Material and methods

Data source

We used the CMS Inpatient Standard Analytical Files (IPSAF) linked data for 2016, 2017, and 2018 for retrospective analysis. All hospital services used by an individual MB can be linked to that MB through the Medicare program’s beneficiary identifier code. This study used only hospital inpatient claims.

Study population

The study population consisted of all US hospitalizations in which a fee-for-service MB underwent a primary THA for either a left or right hip from January 1, 2016, to September 30, 2018. Primary THA procedures were identified by International Classification of Disease-10-Clinical Modification procedure codes.

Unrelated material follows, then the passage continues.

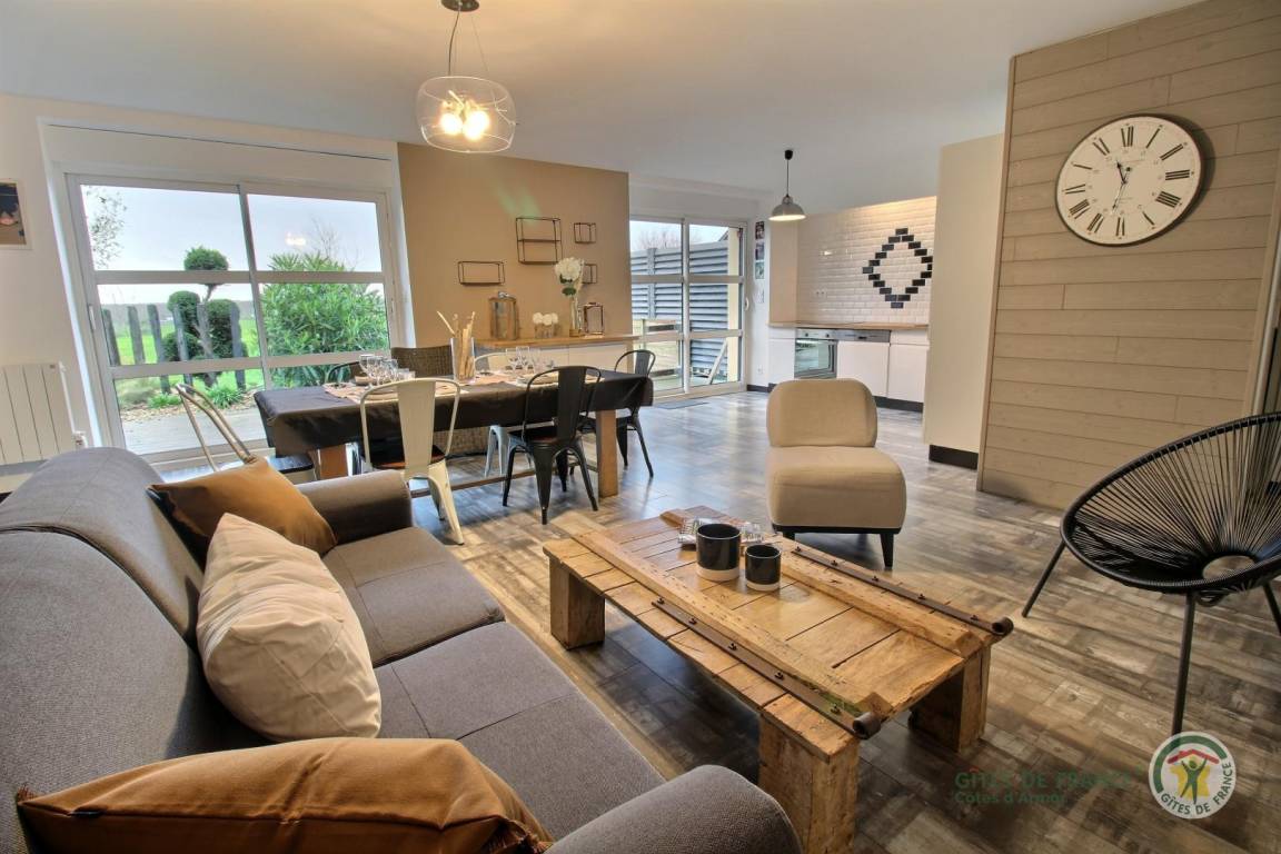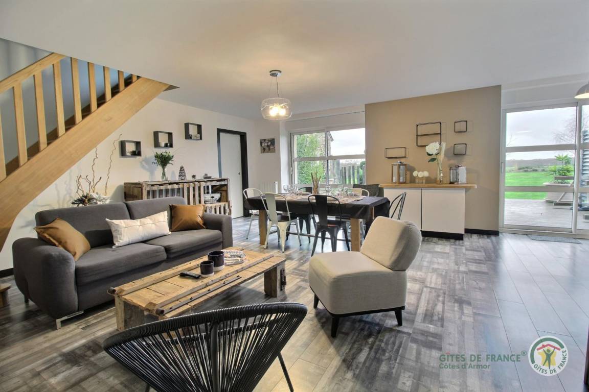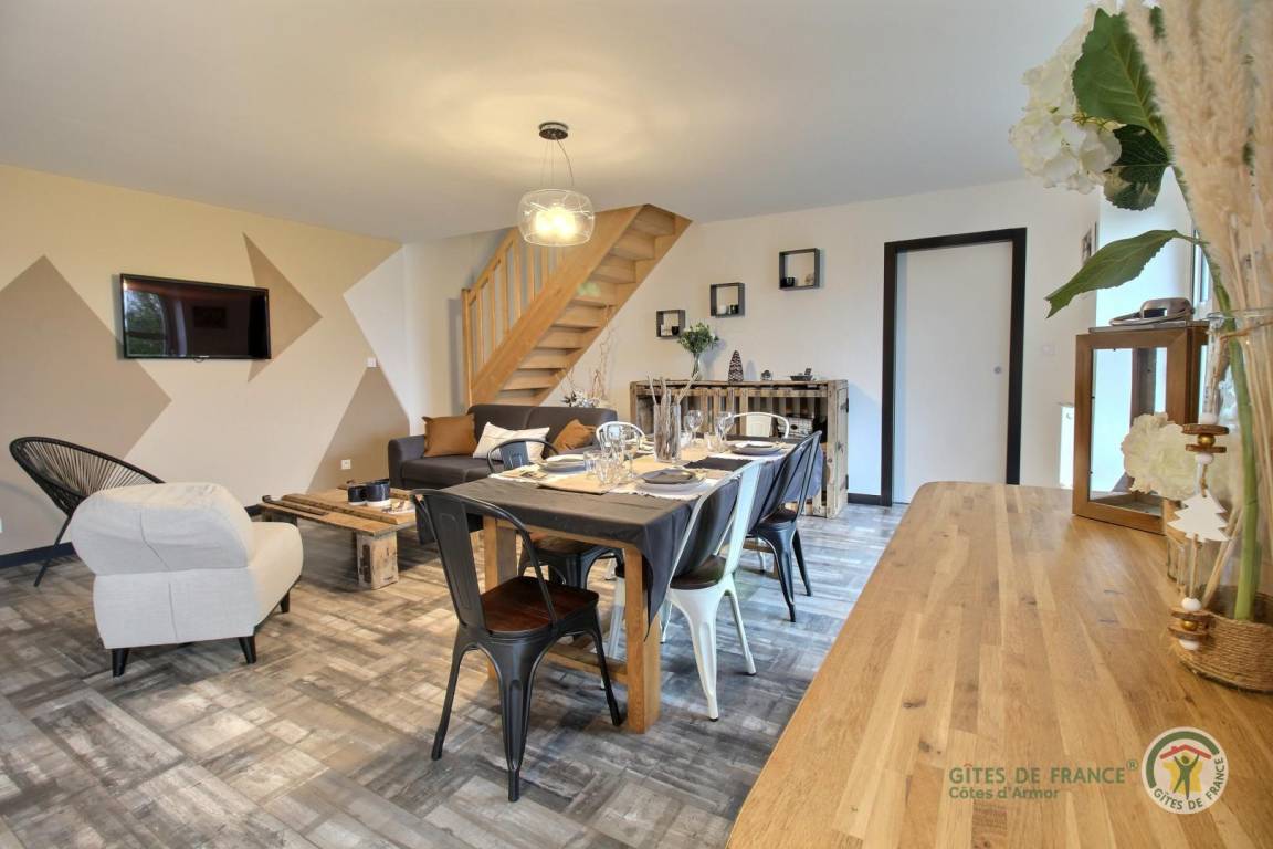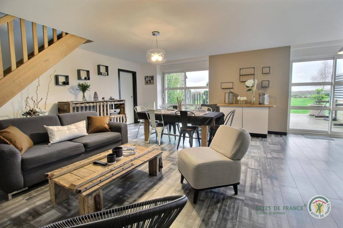 Auf einem 6000 m² großen Grundstück im Grünen befindet sich ein großes Bauernhaus aus Stein, bestehend aus 4 renovierten, angrenzenden Gîtes im modernen und trendigen Stil. Ein erholsamer und sehr angenehmer Urlaubsort, um die Côtes de Penthièvre und die Smaragdküste mit ihren wunderschönen Stränden und berühmten Badeorten zu entdecken: Sables d'Or les Pins, Fréhel, St. Cast le Guildo. Aber Sie werden es auch genießen, vor Ort zu bleiben und zu entspannen und die gut ausgestatteten privaten Terrassen und den Sandspielplatz zu nutzen, wo jeder die Aktivität seiner Wahl ausüben kann, zwischen Volleyball oder einer Partie Fußball ... Matignon 10 km entfernt, Sables d'Or les Pins 19 km, Lamballe 15 km.

Exclusion criteria included conditions listed by CMS that would exclude the MBs' hospitalization from being part of the CJR bundle, including hip fracture, periprosthetic facture, mechanical complication associated with the implant, selected malignant neoplasm, undergoing a partial arthroplasty, or the removal, revision, or resurfacing of a hip device [16]. A MB was only allowed to have one index THA procedure on each side during the study period. Finally, any MB with a primary THA index hospitalization during the first quarter of 2016 was excluded if that MB had a primary THA procedure performed during the last quarter of 2015.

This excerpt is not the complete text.